One of China’s most treasured traditional art forms is Beijing’s cloisonné. Cloisonné and enamel art is often sought after by tourists and collectors from around the world. Enamel and Cloisonné metal art has adopted the skills and techniques of other famous traditional folk crafts including traditional painting, carving, encrusting, metallurgy and glass smelting.

The Cloisonné Art Museum in Beijing features many different pieces from cloisonné’s six hundred year old history. The Classic Works and Collection Show Centre also displays a wide range of cloisonné works including many which have won international awards and reproductions of pieces from the Yuan (1271-1368), Ming (1368-1644) and Qing (1644-1912) Dynasties kept in the imperial palace museum.

It is believed that basic enameling techniques were first introduced to China by missionaries from Central Asia in the Yuan Dynasty. Both enamel and cloisonné became popular in the Ming Dynasty, especially during the Xuande period (1426-1436). During this time, Beijing cloisonné and enamel ware were made only for the use of the imperial family. The imperial palaces were heavily adorned with all sorts of cloisonné objects.


During the Jingtai period (1450-1457) of the Ming Dynasty, Beijing cloisonné entered a new wave of creation with craftsmen focusing on the development of dark-blue enamel. This style of enamel ware flourished during this period and was named “blue of Jingtai” after the emperor who encouraged its production. 

Enamel art involves applying enamel of different colours to a copper or bronze vessel. It is then fired in a kiln which vitrifies the enamel and forms a smooth, bright coating. Enamel is created from boric acid, vitreous powder and other chemical compounds. Metallic compounds are added to enamel which changes the colour after oxidation. Cloisonné is similar to enamel, however, the enamel pigments are separated by soldered wire.

The methods involved in producing Beijing cloisonné art are elaborate and require graceful skills and patience. The metal vessel is usually constructed by hammering and stretching soldered pieces of copper into the required shape. A pattern is then pinned onto carbon paper and carefully traced on the surface of the vessel. The tiny Cloisonné compartments are made from copper wire that is bent with pliers to form the desired pattern.


The copper wire is usually between 0.10 inches and 0.40 inches. The bottom edge of the cloisonné is dipped into glue and placed on the vessel with tweezers. They are then filled with enamel paste which feature coloured pigments grounded into a powder and mixed with alkaline, boric acid and saltpeter. Different colours are created from different minerals. Bronze is used to make blue, chromium produces green, iodine can be made into red and zinc can produce white pigments.

Coloured pigments are added to each compartment by hand.

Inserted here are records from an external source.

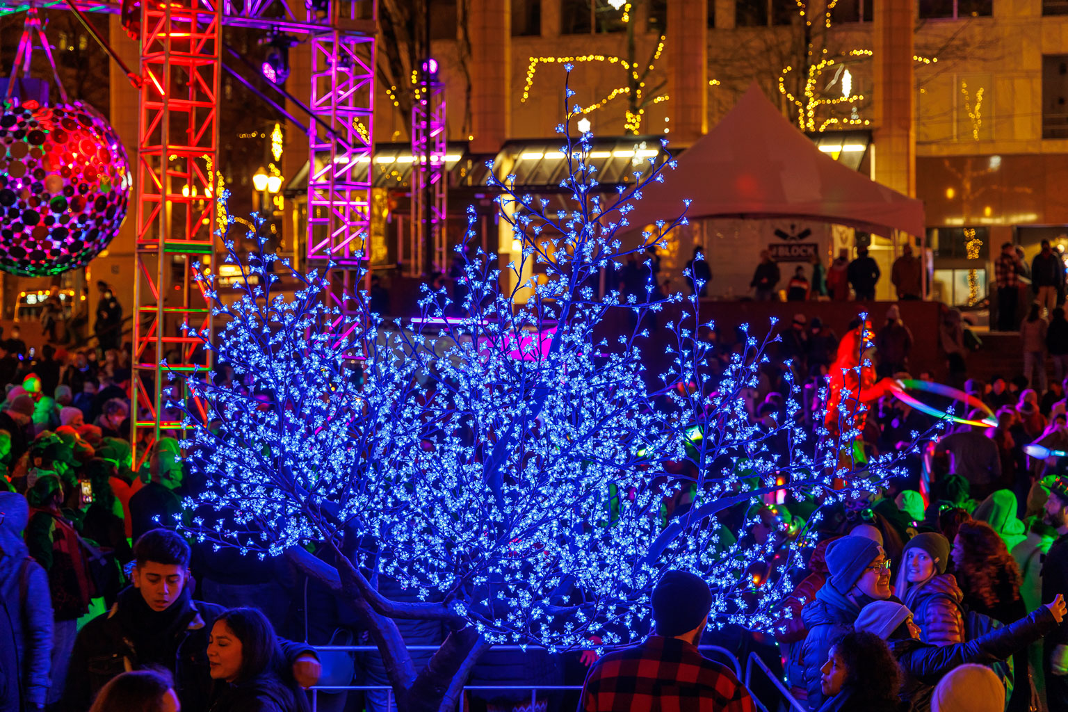 The seventh annual Portland Winter Light Festival takes place at sites across Portland, with anchor installations located at Pioneer Courthouse Square, the World Trade Center, and Electric Blocks at SE 2nd & Clay. Over 100 art installations will be viewable across all of Portland!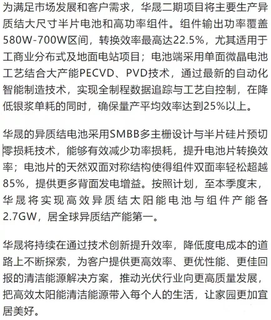 4月25日,华晟二期2GW高效异质结项目首片组件顺利下线。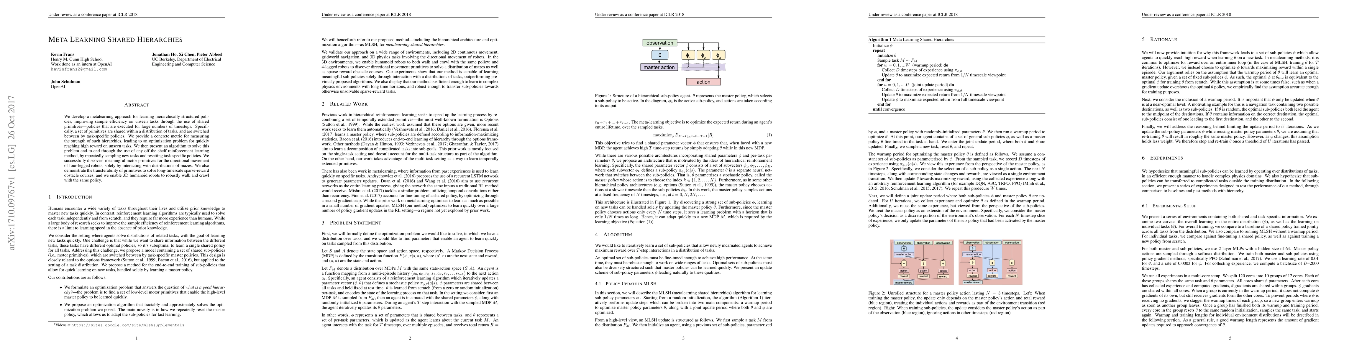 We develop a metalearning approach for learning hierarchically structured policies, improving sample efficiency on unseen tasks through the use of shared primitives---policies that are executed for large numbers of timesteps. Specifically, a set of primitives are shared within a distribution of tasks, and are switched between by task-specific policies. We provide a concrete metric for measuring the strength of such hierarchies, leading to an optimization problem for quickly reaching high reward on unseen tasks. We then present an algorithm to solve this problem end-to-end through the use of any off-the-shelf reinforcement learning method, by repeatedly sampling new tasks and resetting task-specific policies. We successfully discover meaningful motor primitives for the directional movement of four-legged robots, solely by interacting with distributions of mazes. We also demonstrate the transferability of primitives to solve long-timescale sparse-reward obstacle courses, and we enable 3D humanoid robots to robustly walk and crawl with the same policy.

The whole vessel is then fired in the kiln. The enamel must be applied each time after the vessel has been fired as the heat causes the cloisonné to shrink and need refilling. This step is repeated until the cloisonné covers the whole pattern. The surface of the vessel is then grounded smooth on a motorized wheel with water and emery stones.

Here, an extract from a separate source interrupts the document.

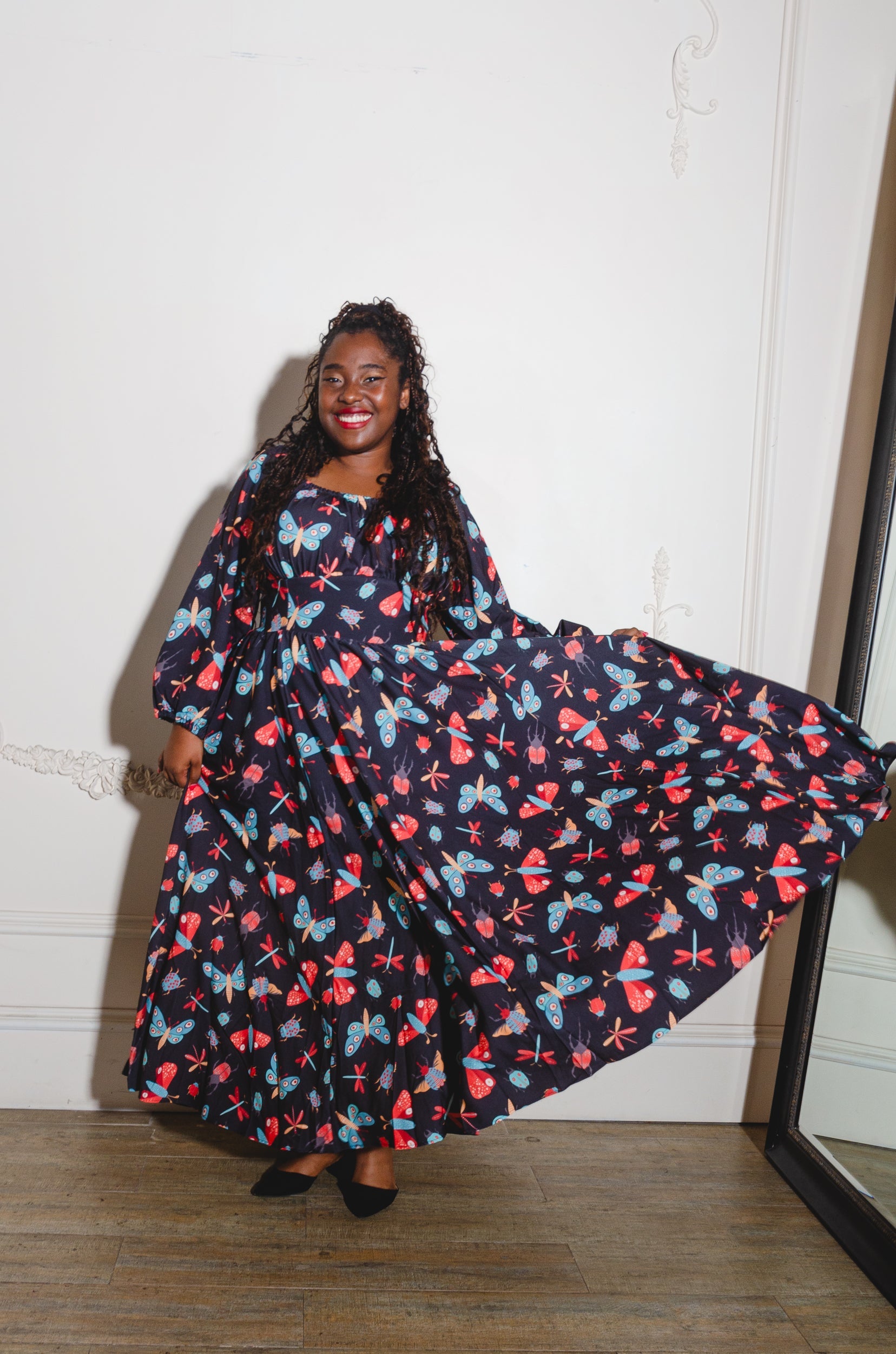 Swann 70s Maxi Dress in Insect Print Crepe | Laura Byrnes & Hope Johnstun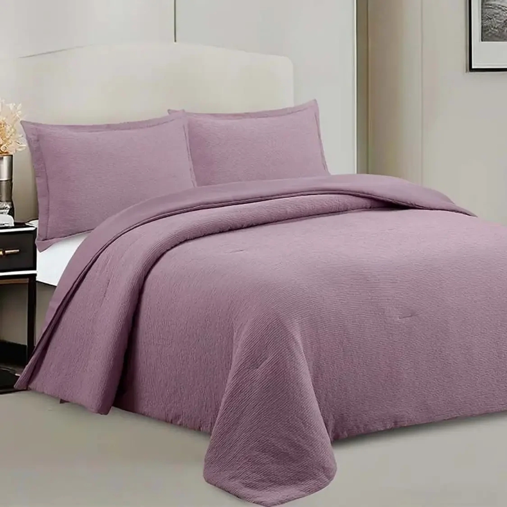 Confeccionada em microfibra (100% poliéster), oferece toque macio, leveza e fácil manutenção. O acabamento em relevo valoriza a textura do tecido e compõe a cama com elegância, enquanto a secagem rápida e a resistência do material facilitam a rotina. O jogo é composto por três peças: uma colcha e dois porta travesseiros, todos com acabamentos de alta qualidade e na cor rose.

It is then polished with whetstone and carbon. Gilding is the last step in the process and involves electroplating the remaining exposed copper with gold or silver to prevent oxidation from dulling the design.

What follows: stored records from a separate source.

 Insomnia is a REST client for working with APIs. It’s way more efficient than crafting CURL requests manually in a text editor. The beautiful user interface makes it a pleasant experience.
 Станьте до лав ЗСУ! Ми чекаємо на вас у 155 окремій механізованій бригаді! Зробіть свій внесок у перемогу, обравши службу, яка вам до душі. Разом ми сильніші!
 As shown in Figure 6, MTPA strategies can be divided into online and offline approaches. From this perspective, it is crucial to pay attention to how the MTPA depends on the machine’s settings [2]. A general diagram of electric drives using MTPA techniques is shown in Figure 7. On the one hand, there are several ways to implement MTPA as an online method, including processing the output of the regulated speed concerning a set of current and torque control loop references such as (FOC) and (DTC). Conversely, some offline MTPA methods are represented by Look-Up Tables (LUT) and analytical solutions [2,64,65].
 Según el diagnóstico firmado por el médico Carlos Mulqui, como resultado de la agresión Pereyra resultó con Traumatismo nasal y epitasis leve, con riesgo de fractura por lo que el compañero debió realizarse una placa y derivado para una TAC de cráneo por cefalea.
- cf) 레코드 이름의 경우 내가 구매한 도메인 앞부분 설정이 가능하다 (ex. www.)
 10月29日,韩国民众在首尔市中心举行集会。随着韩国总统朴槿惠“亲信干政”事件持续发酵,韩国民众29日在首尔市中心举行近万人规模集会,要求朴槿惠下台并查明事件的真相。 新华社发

The traditional arts of cloisonné and enamel are used for many objects including vases, jars, bowls, plates, ash trays and many more practical objects. It is also highly valued as art and is a prominent feature in many museums and private art collections.

Beijing Cloisonné and enamel art is ranked as one of the eight “consummate arts of Beijing” and regarded as the definitive artwork of the capital city. It is highly valued for its amazing designs and fine detailing which are complemented by bright and vivid colours. This traditional art form is one of the finest among the world’s metal arts.